### WORK TASK:
Below are records; the lines starting at the one with "Crochet flowers are" and ending at the one with "Гіпотеза про те, що" must be reproduced exactly, both included. Pictures must not appear.

### DATA LISTING:
-------

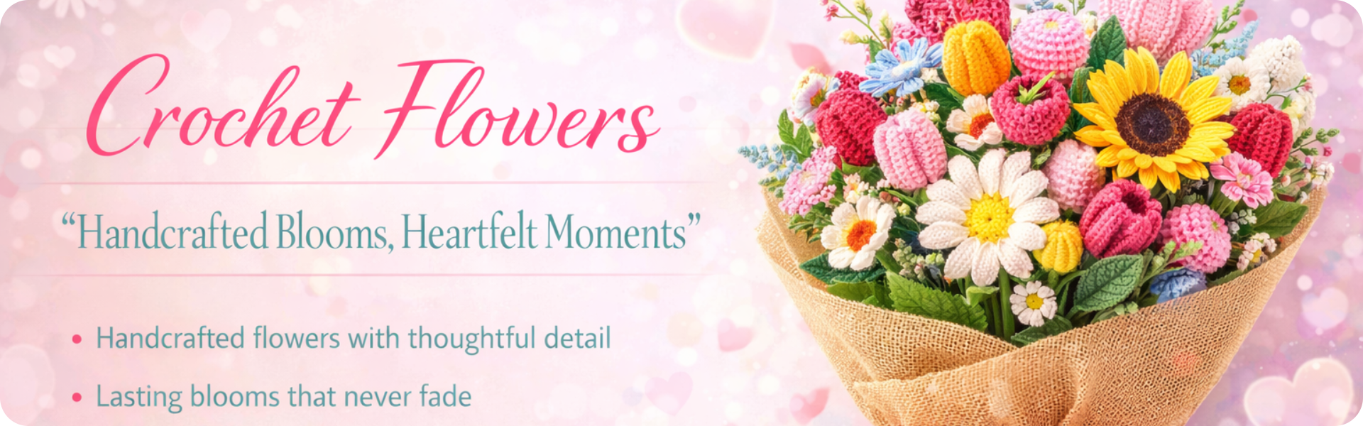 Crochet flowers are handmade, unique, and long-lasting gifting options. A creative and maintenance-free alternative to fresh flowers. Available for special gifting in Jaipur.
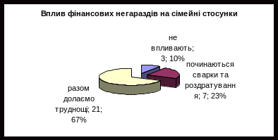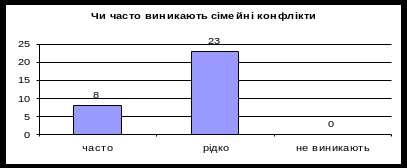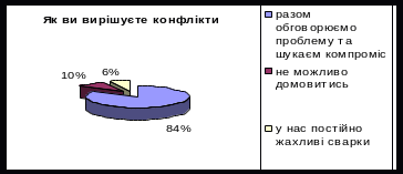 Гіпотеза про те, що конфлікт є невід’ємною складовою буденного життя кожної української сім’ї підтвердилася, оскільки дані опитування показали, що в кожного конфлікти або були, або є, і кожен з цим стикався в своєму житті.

-------

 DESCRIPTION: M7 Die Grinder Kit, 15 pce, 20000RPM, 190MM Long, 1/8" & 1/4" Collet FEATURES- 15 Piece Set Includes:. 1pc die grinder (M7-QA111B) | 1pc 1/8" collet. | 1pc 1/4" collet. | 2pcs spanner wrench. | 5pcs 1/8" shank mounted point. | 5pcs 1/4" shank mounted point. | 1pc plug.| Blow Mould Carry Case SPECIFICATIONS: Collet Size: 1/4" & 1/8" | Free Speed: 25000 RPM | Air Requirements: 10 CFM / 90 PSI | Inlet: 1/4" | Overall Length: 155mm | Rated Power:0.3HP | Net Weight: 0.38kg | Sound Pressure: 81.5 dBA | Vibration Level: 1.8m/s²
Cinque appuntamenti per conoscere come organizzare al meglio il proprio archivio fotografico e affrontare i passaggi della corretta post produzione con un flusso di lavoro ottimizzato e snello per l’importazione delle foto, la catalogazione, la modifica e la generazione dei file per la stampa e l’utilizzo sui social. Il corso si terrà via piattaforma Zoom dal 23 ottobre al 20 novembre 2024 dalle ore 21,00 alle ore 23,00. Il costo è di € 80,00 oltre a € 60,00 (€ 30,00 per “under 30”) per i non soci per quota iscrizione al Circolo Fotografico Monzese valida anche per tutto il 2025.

-------

### RESULT OF THIS EXERCISE:
 Crochet flowers are handmade, unique, and long-lasting gifting options. A creative and maintenance-free alternative to fresh flowers. Available for special gifting in Jaipur.
 Гіпотеза про те, що конфлікт є невід’ємною складовою буденного життя кожної української сім’ї підтвердилася, оскільки дані опитування показали, що в кожного конфлікти або були, або є, і кожен з цим стикався в своєму житті.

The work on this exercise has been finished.